* MATERIAL FOR THIS EXERCISE
########

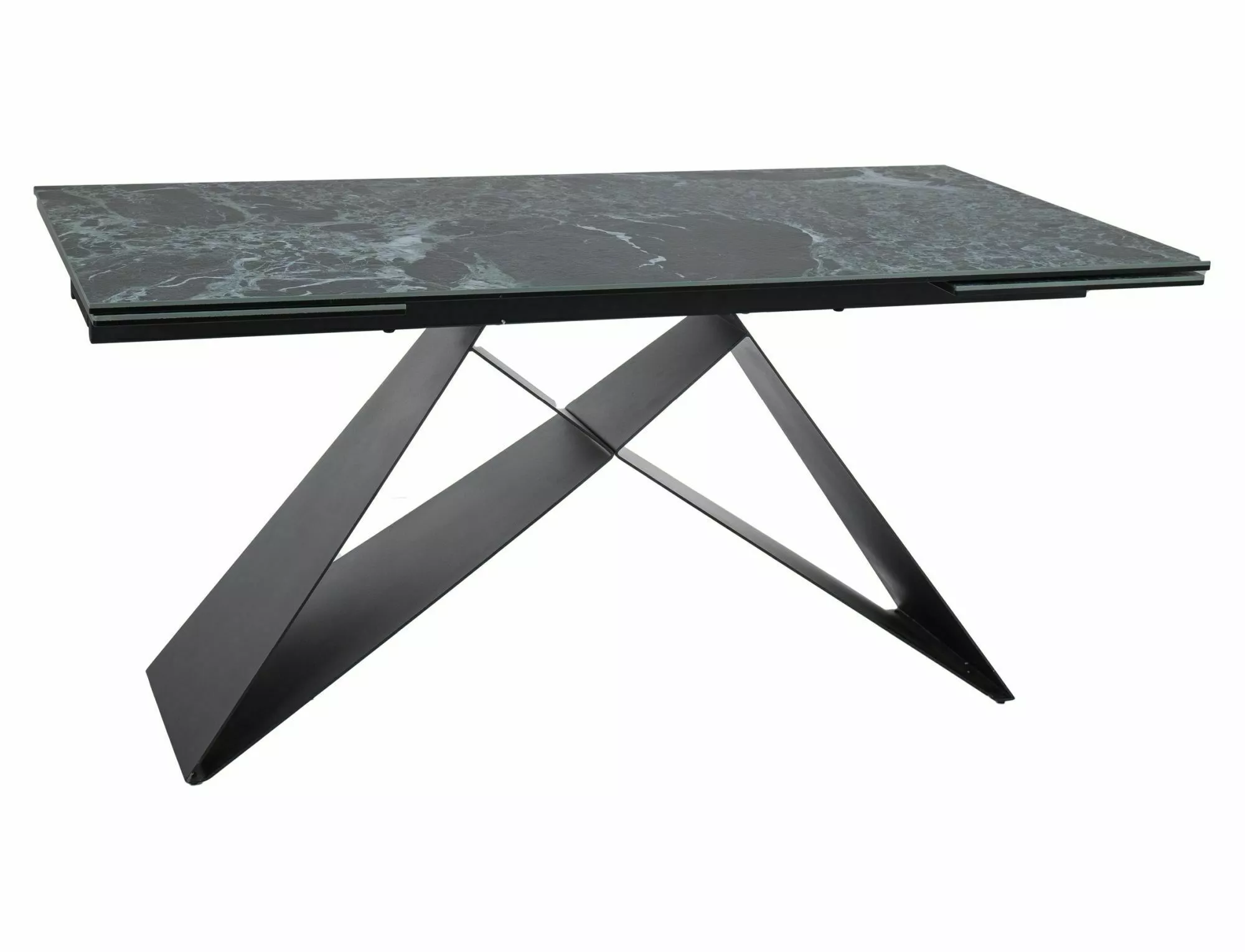 Pikendatav laud, pealispind: karastatud klaas + VERDE ALPI keraamika, raam: metall, värvus: matt mereroheline / mattmust.
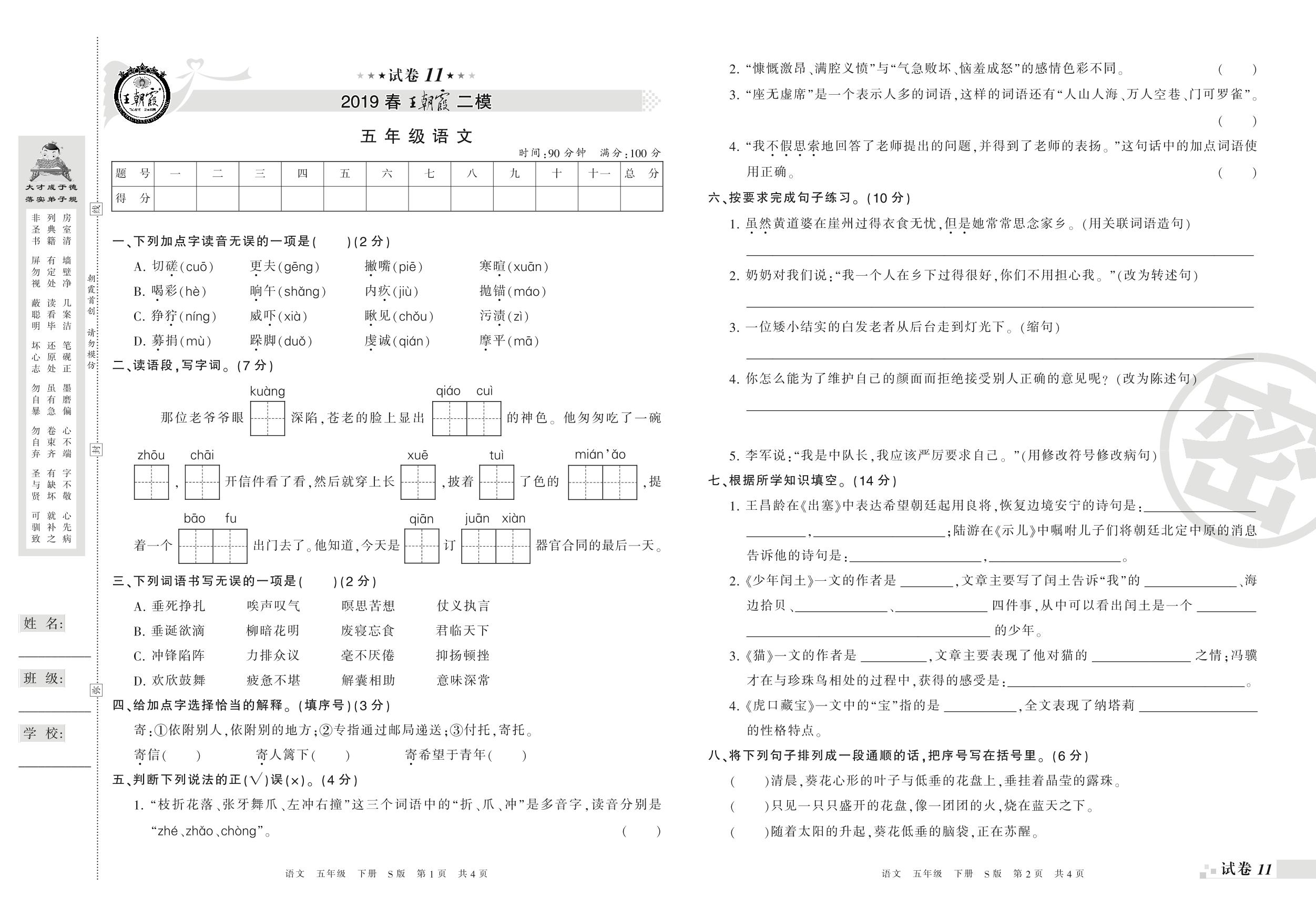 王朝霞期末模拟卷五年级下册语文(S版)【11】
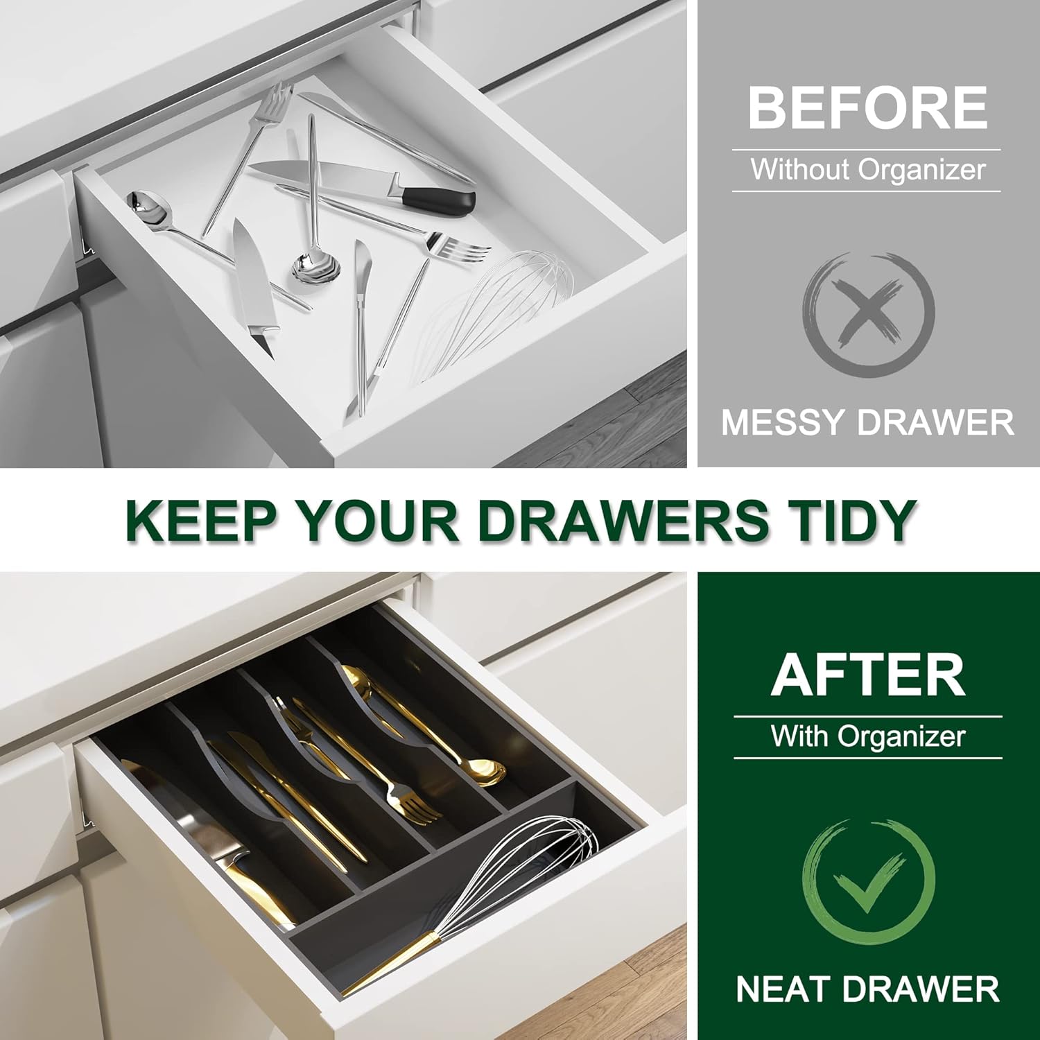 - ăKeep all you need at handăStop worrying about finding utensils when you cook. 5 deep compartments make our silverware organizer a good assistant for cooking. When all every cutlery is neatly arranged in our drawer cooking is also become easier. Clear your flatware & utensil and enjoy cooking with a cheerful heart.
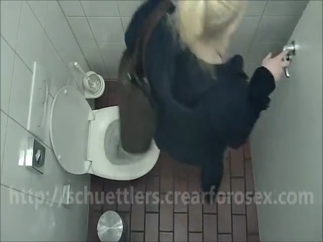 Blonde babe caught shitting in a public bathroom. She didn't wipe her dirty ass before leaving.
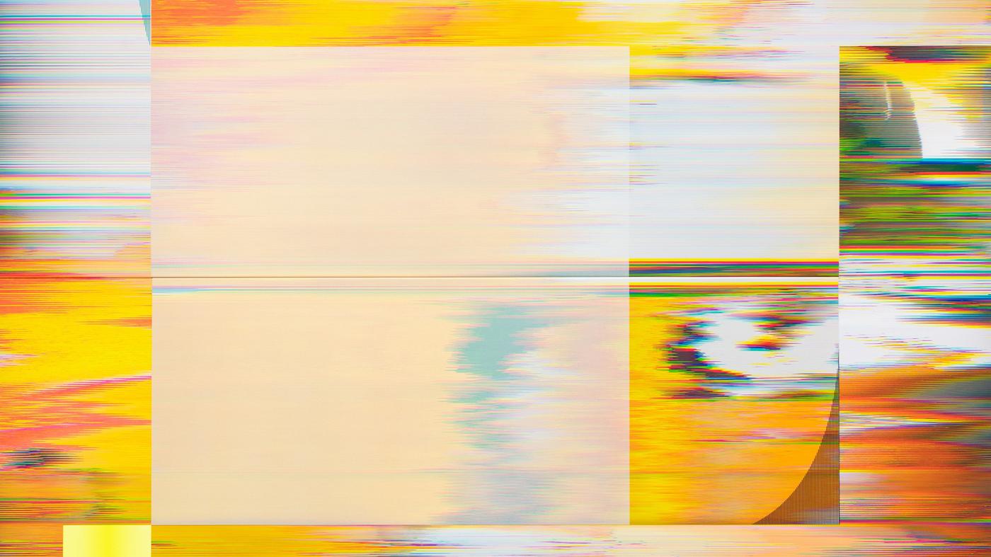 Zartes Orange wächst neben horizontalem Pink empor, links und rechts wird es von wolkigem Rosa gerahmt, das sich aufzulösen scheint. Flirrende grüne Streifen simulieren Bewegung – man denkt an die Spuren, die ein Druckkopf hinterlässt, wenn er sich hin und her bewegt. Darüber schlägt helles Blau noch weiter zu den Seiten aus, um im oberen Drittel feurig lodernd, in zackigem Violett und kräftigem Blau zu enden.
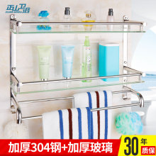 正山 浴室玻璃置物架卫浴五金挂件 毛巾架不锈钢304浴巾架卫生间
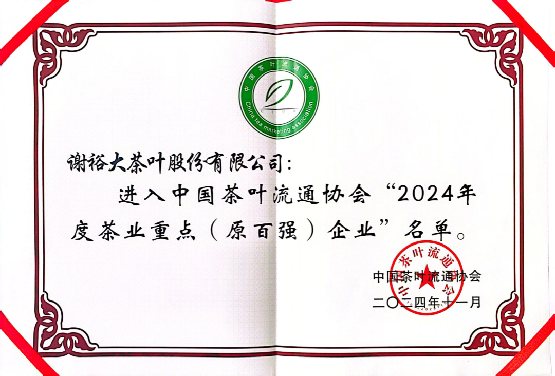 开幕式上,中国茶叶流通协会回顾了2024年度中国茶叶行业工作,展望了2025年度发展方向,并在活动现场发布了2024年度中国茶叶行业调查结果。谢裕大荣获“2024 年度茶业重点(原百强)企业”,连续十多年获评此项殊荣,充分彰显了谢裕大在茶产业发展中做出突出贡献。
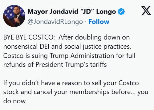 First up is the mayor of Slippery Rock Borough in Pennsylvania JD Longo, who decided to scream “BYE BYE COSTCO” because the company dared to follow DEI practices and also dared to challenge Trump’s illegal tariffs. A true warrior, bravely standing up to a grocery store.
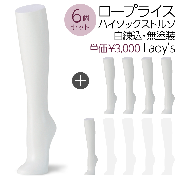 【送料無料♪安心・高品質・国産メーカー品】ハイソックストルソ、ソックス、卓上、レディース、婦人トルソー、パーツ、白・無塗装・エコ・マネキン、アンクル、展示、アパレル、ショップ、ウインドウ、店舗用、安い、軽い【お得な6個セット!SOH1W-6P】
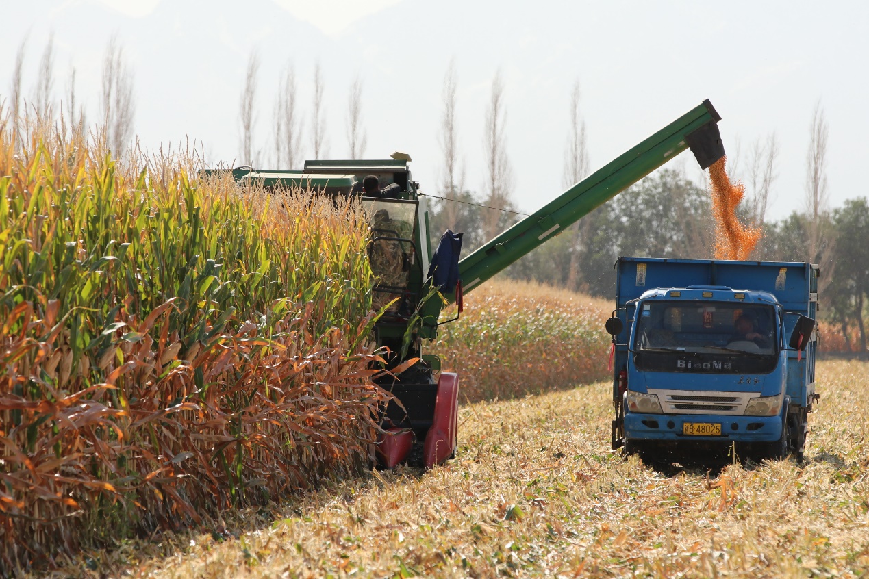 参会人员现场观摩了位于新疆建设兵团第六师奇台总场示范田的4类16项试验研究,测产结果显示,再次重现亩产超1500公斤的高产纪录。此块试验基地面积为200亩,由作物栽培与生理创新团队经过12年的建设和投入,己连续六次创造全国玉米高产纪录,最高亩产1517.11公斤。观摩会上,绿色发展技术集成模式研究与示范技术总师李少昆研究员介绍,示范田通过选用耐密高产品种,构建高质量群体,实施密植高产全程机械化栽培和水肥一体化技术,充分挖掘良种、良法与光温水肥资源的增产潜力,粒收观摩田亩产达到1100公斤,籽粒成熟度高、含水率适宜粒收。机械粒收现场演示,收获籽粒破碎率、杂质率及损失率均处于较低水平,观摩农户对示范田的收获密度、玉米产量及粒收质量赞不绝口。今年,试验点周边10万亩示范生产地亩产达到1000公斤水平,全部进行机械粒收、烘干收储和秸秆还田。

########

* PROBLEM REQUIREMENTS
Restate each entry word for word. Omit every picture.

* RESULT BELOW
 Pikendatav laud, pealispind: karastatud klaas + VERDE ALPI keraamika, raam: metall, värvus: matt mereroheline / mattmust.
 王朝霞期末模拟卷五年级下册语文(S版)【11】
 - ăKeep all you need at handăStop worrying about finding utensils when you cook. 5 deep compartments make our silverware organizer a good assistant for cooking. When all every cutlery is neatly arranged in our drawer cooking is also become easier. Clear your flatware & utensil and enjoy cooking with a cheerful heart.
 Blonde babe caught shitting in a public bathroom. She didn't wipe her dirty ass before leaving.
 Zartes Orange wächst neben horizontalem Pink empor, links und rechts wird es von wolkigem Rosa gerahmt, das sich aufzulösen scheint. Flirrende grüne Streifen simulieren Bewegung – man denkt an die Spuren, die ein Druckkopf hinterlässt, wenn er sich hin und her bewegt. Darüber schlägt helles Blau noch weiter zu den Seiten aus, um im oberen Drittel feurig lodernd, in zackigem Violett und kräftigem Blau zu enden.
 正山 浴室玻璃置物架卫浴五金挂件 毛巾架不锈钢304浴巾架卫生间
 开幕式上,中国茶叶流通协会回顾了2024年度中国茶叶行业工作,展望了2025年度发展方向,并在活动现场发布了2024年度中国茶叶行业调查结果。谢裕大荣获“2024 年度茶业重点(原百强)企业”,连续十多年获评此项殊荣,充分彰显了谢裕大在茶产业发展中做出突出贡献。
 First up is the mayor of Slippery Rock Borough in Pennsylvania JD Longo, who decided to scream “BYE BYE COSTCO” because the company dared to follow DEI practices and also dared to challenge Trump’s illegal tariffs. A true warrior, bravely standing up to a grocery store.
 【送料無料♪安心・高品質・国産メーカー品】ハイソックストルソ、ソックス、卓上、レディース、婦人トルソー、パーツ、白・無塗装・エコ・マネキン、アンクル、展示、アパレル、ショップ、ウインドウ、店舗用、安い、軽い【お得な6個セット!SOH1W-6P】
 参会人员现场观摩了位于新疆建设兵团第六师奇台总场示范田的4类16项试验研究,测产结果显示,再次重现亩产超1500公斤的高产纪录。此块试验基地面积为200亩,由作物栽培与生理创新团队经过12年的建设和投入,己连续六次创造全国玉米高产纪录,最高亩产1517.11公斤。观摩会上,绿色发展技术集成模式研究与示范技术总师李少昆研究员介绍,示范田通过选用耐密高产品种,构建高质量群体,实施密植高产全程机械化栽培和水肥一体化技术,充分挖掘良种、良法与光温水肥资源的增产潜力,粒收观摩田亩产达到1100公斤,籽粒成熟度高、含水率适宜粒收。机械粒收现场演示,收获籽粒破碎率、杂质率及损失率均处于较低水平,观摩农户对示范田的收获密度、玉米产量及粒收质量赞不绝口。今年,试验点周边10万亩示范生产地亩产达到1000公斤水平,全部进行机械粒收、烘干收储和秸秆还田。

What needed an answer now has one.